RECORDED INFORMATION:
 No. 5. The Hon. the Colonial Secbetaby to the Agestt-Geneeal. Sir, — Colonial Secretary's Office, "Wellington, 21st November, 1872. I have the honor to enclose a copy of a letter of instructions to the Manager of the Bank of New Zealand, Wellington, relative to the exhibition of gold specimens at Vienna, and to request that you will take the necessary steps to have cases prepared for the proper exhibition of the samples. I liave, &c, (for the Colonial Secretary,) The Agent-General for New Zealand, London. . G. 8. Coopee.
* * *
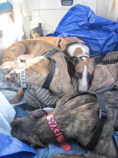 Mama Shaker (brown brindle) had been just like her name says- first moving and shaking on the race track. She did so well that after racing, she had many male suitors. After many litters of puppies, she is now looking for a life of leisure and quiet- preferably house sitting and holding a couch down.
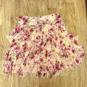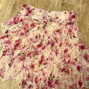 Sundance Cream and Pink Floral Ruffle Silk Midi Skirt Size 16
---
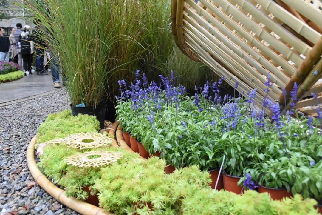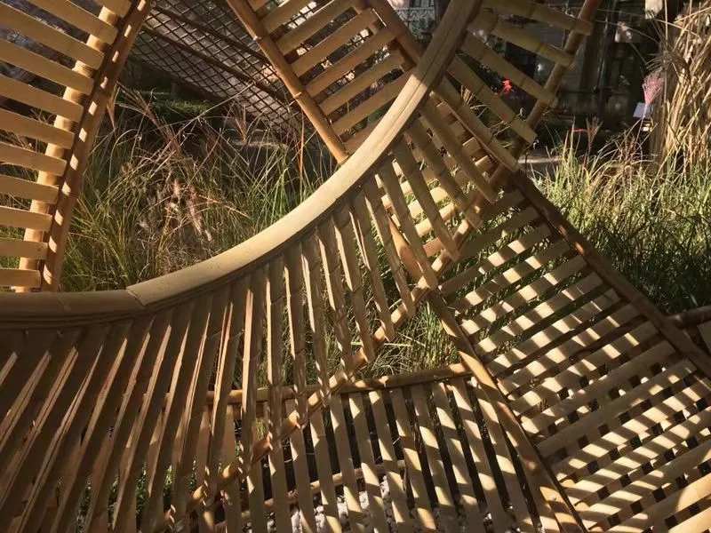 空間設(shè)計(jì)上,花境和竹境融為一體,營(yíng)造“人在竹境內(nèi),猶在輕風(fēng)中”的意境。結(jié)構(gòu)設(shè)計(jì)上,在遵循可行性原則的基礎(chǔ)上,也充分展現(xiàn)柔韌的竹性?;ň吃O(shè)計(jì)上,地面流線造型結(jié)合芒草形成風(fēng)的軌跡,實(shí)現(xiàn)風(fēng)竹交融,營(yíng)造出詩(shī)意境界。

REQUIREMENT: Return exactly the stretch above whose first line contains "Mama Shaker (brown" and whose last line contains "Sundance Cream and", and nothing outside it. The pictures should not appear.

FINISHED EXERCISE:
 Mama Shaker (brown brindle) had been just like her name says- first moving and shaking on the race track. She did so well that after racing, she had many male suitors. After many litters of puppies, she is now looking for a life of leisure and quiet- preferably house sitting and holding a couch down.
 Sundance Cream and Pink Floral Ruffle Silk Midi Skirt Size 16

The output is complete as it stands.